A broken fridge and spoiled perishables could mean getting emergency takeout or cracking open the canned goods… but it could also mean a costly bill to replace or repair your fridge.
If your fridge is broken or damaged, do you know what coverage it falls under on your homeowners insurance policy? And, more importantly, do you know when your insurer will payout for a broken or damaged fridge? Here’s everything you need to know.
Are fridges protected under dwelling coverage?
No, fridges do not fall under dwelling coverage because they are not a built-in or structural element of your home like your furnace, cabinets, roof, etc. Your fridge falls under personal property coverage (or Coverage C) of your homeowners insurance policy because it can be carried away from your home with relative ease (if you have a dolly or a friend’s help).

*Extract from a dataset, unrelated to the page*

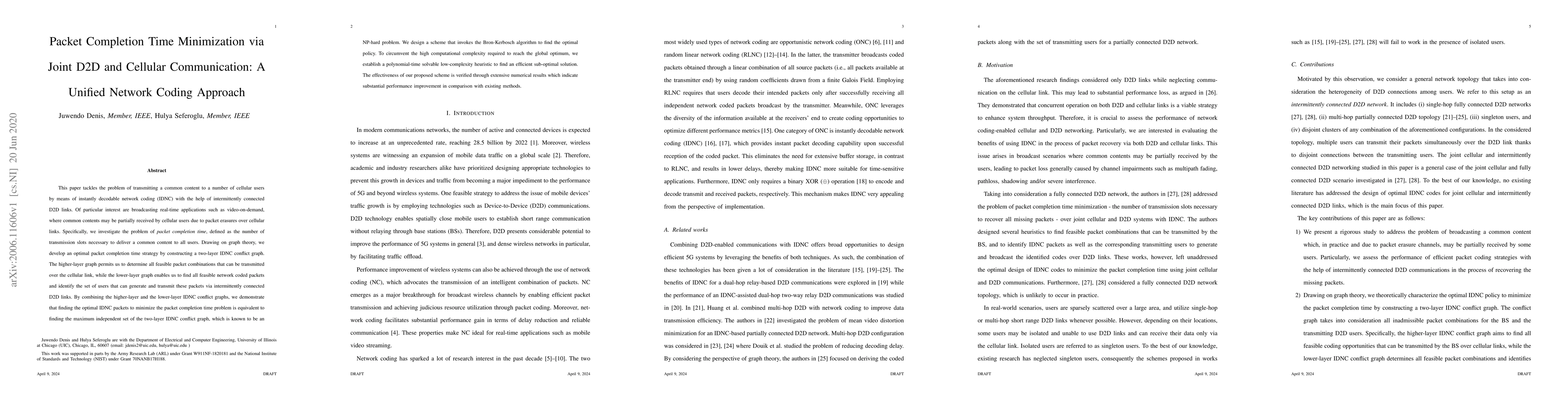 This paper tackles the problem of transmitting a common content to a number of cellular users by means of instantly decodable network coding (IDNC) with the help of intermittently connected D2D links. Of particular interest are broadcasting real-time applications such as video-on-demand, where common contents may be partially received by cellular users due to packet erasures over cellular links. Specifically, we investigate the problem of packet completion time, defined as the number of transmission slots necessary to deliver a common content to all users. Drawing on graph theory, we develop an optimal packet completion time strategy by constructing a two-layer IDNC conflict graph. The higher-layer graph permits us to determine all feasible packet combinations that can be transmitted over the cellular link, while the lower-layer graph enables us to find all feasible network coded packets and identify the set of users that can generate and transmit these packets via intermittently connected D2D links. By combining the higher-layer and the lower-layer IDNC conflict graphs, we demonstrate that finding the optimal IDNC packets to minimize the packet completion time problem is equivalent to finding the maximum independent set of the two-layer IDNC conflict graph, which is known to be an NP-hard problem. We design a scheme that invokes the Bron-Kerbosch algorithm to find the optimal policy. To circumvent the high computational complexity required to reach the global optimum, we establish a polynomial-time solvable low-complexity heuristic to find an efficient sub-optimal solution. The effectiveness of our proposed scheme is verified through extensive numerical results which indicate substantial performance improvement in comparison with existing methods.

When would my homeowners policy cover a broken or damaged fridge?
Your fridge is likely covered if it was damaged by a covered peril in your homeowners insurance policy.
However, most perils are limited to unexpected and unavoidable occurrences, like fire, inclement weather, and criminal activity. For instance, if lightning caused extensive damage to your home and fried your fridge, the replacement or repair of your fridge would probably be covered by your insurance company.
If your fridge qualifies for coverage and you need a replacement, it falls under one of the two primary types of insurance coverage:
Actual cost value: This coverage will reimburse you for the market value of the refrigerator at the time that it was damaged. For example, if your fridge was seven years old, your coverage will factor in seven years of depreciation.
Replacement cost value: Replacement cost covers the value of replacing the fridge with a brand new model.
When would my homeowners policy not cover a broken or damaged fridge?
If your fridge wasn’t broken by a peril listed in your home insurance policy, it won’t be covered. As mentioned earlier, homeowners insurance usually only applies to the unexpected and avoidable, which means malfunctions and damage caused by normal wear will not be covered.
That means if your fridge is nearing the end of its life, the damage that occurs as a result of its old age falls on the homeowner.
You may have coverage if you have paid for additional home repair insurance, home appliance insurance, or equipment breakdown coverage.
Should I consider a home warranty?
Some homeowners also opt for a home warranty policy to protect them from a big financial burden if one of their major appliances or home systems, like air conditioning, hot water heaters, or washing machines, were to break suddenly.
If your fridge breaks, you should also check your manufacturer’s warranty. Your fridge may still apply for coverage.